§ **DATA BELOW**:
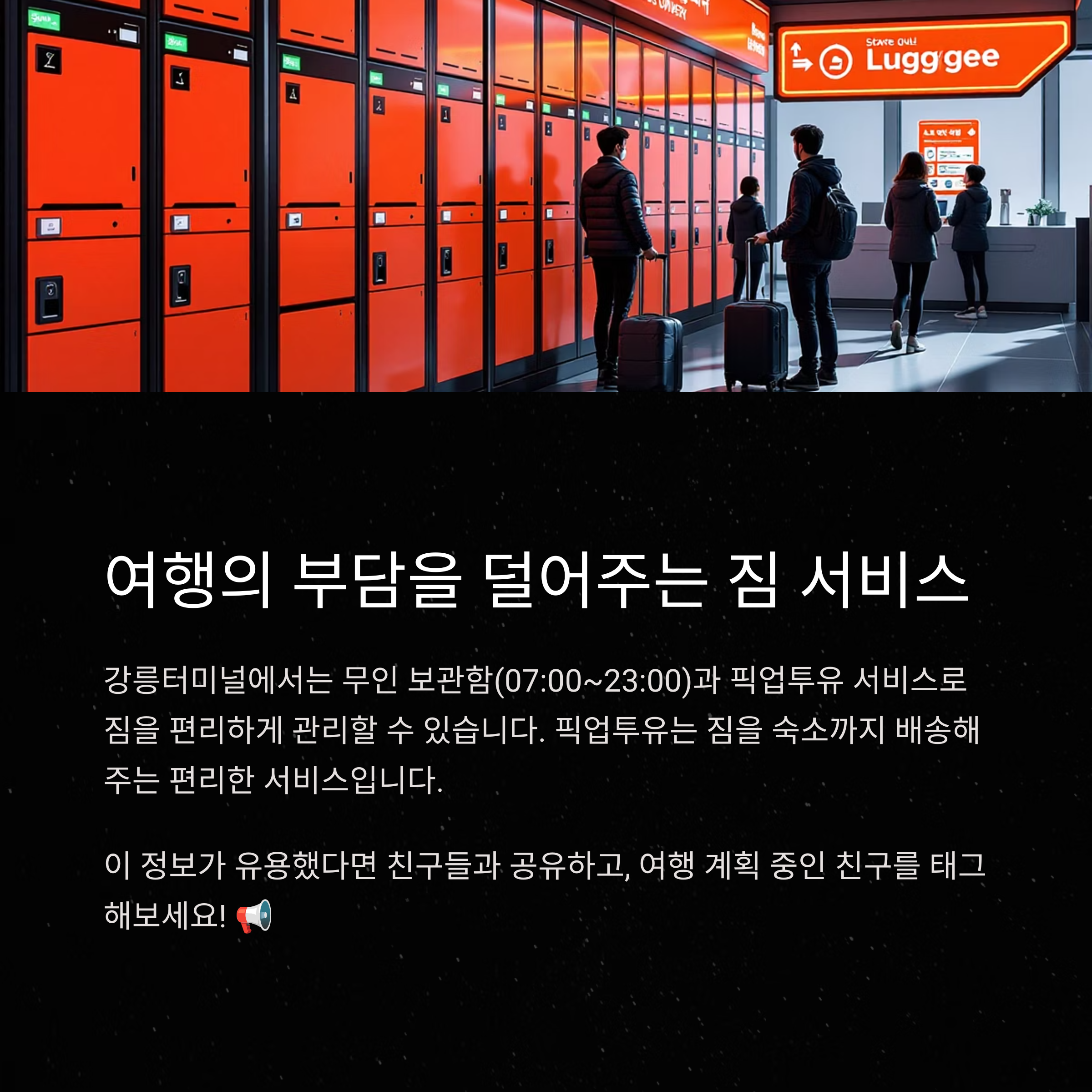 | 강릉시외버스터미널 안에는 무인 보관함과 픽업투유 서비스가 제공합니다. 무인 보관함은 메가커피 옆 출구 근처에 위치하며, 구조적으로 접근이 편리합니다. 픽업투유 서비스를 이용하면, 강릉역과 터미널 간 짐을 숙소까지 배송받을 수 있습니다. 운영 시간은 07:00부터 23:00까지로 모든 이용자에게 큰 편의를 제공합니다. 이 두 옵션은 강릉 여행 중 짐 관리 문제를 효과적으로 해결합니다. |
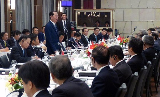 Phát biểu tại cuộc gặp, Chủ tịch nước Trần Đại Quang cho biết Việt Nam đang phấn đấu duy trì tốc độ tăng trưởng kinh tế giai đoạn 2016 - 2020 với GDP bình quân 6,5 - 7%/năm, tiếp tục ổn định kinh tế vĩ mô, phát triển bền vững gắn với bảo vệ môi trường, giữ vị thế là quốc gia năng động, điểm đến đầu tư hấp dẫn trong khu vực ASEAN và tham gia sâu hơn trong chuỗi giá trị toàn cầu.
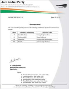 शपंजाब में 4 सीटों पर होने वाले उप-चुनावों की घोषणा के साथ ही आम आदमी पार्टी ने चारों सीटों के लिए अपने उम्मीदवारों की घोषणा कर दी है। आप द्वारा ज़ारी की गई लिस्ट के अनुसार डेरा बाबा नानक से गुरदीप सिंह रंधावा, चब्बेवाल से ईशान चब्बेवाल, गिद्दड़बाहा से हरदीप सिंह डिंपी ढिल्लों और बरनाला से हरिंदर सिंह धालीवाल को टिकट दी गई है। वहीं बरनाला, डेरा बाबा नानक, चब्बेवाल और गिद्दड़बाहा विधानसभा सीट पर 13 नवंबर को वोटिंग होगी। वहीं, इसका रिजल्ट 23 नवंबर को जारी किया जाएगा।

§ **WHAT IS REQUIRED**: Reproduce all of the data exactly, omitting each picture it holds.

§ **TASK RESULT**:
 | 강릉시외버스터미널 안에는 무인 보관함과 픽업투유 서비스가 제공합니다. 무인 보관함은 메가커피 옆 출구 근처에 위치하며, 구조적으로 접근이 편리합니다. 픽업투유 서비스를 이용하면, 강릉역과 터미널 간 짐을 숙소까지 배송받을 수 있습니다. 운영 시간은 07:00부터 23:00까지로 모든 이용자에게 큰 편의를 제공합니다. 이 두 옵션은 강릉 여행 중 짐 관리 문제를 효과적으로 해결합니다. |
 Phát biểu tại cuộc gặp, Chủ tịch nước Trần Đại Quang cho biết Việt Nam đang phấn đấu duy trì tốc độ tăng trưởng kinh tế giai đoạn 2016 - 2020 với GDP bình quân 6,5 - 7%/năm, tiếp tục ổn định kinh tế vĩ mô, phát triển bền vững gắn với bảo vệ môi trường, giữ vị thế là quốc gia năng động, điểm đến đầu tư hấp dẫn trong khu vực ASEAN và tham gia sâu hơn trong chuỗi giá trị toàn cầu.
 शपंजाब में 4 सीटों पर होने वाले उप-चुनावों की घोषणा के साथ ही आम आदमी पार्टी ने चारों सीटों के लिए अपने उम्मीदवारों की घोषणा कर दी है। आप द्वारा ज़ारी की गई लिस्ट के अनुसार डेरा बाबा नानक से गुरदीप सिंह रंधावा, चब्बेवाल से ईशान चब्बेवाल, गिद्दड़बाहा से हरदीप सिंह डिंपी ढिल्लों और बरनाला से हरिंदर सिंह धालीवाल को टिकट दी गई है। वहीं बरनाला, डेरा बाबा नानक, चब्बेवाल और गिद्दड़बाहा विधानसभा सीट पर 13 नवंबर को वोटिंग होगी। वहीं, इसका रिजल्ट 23 नवंबर को जारी किया जाएगा।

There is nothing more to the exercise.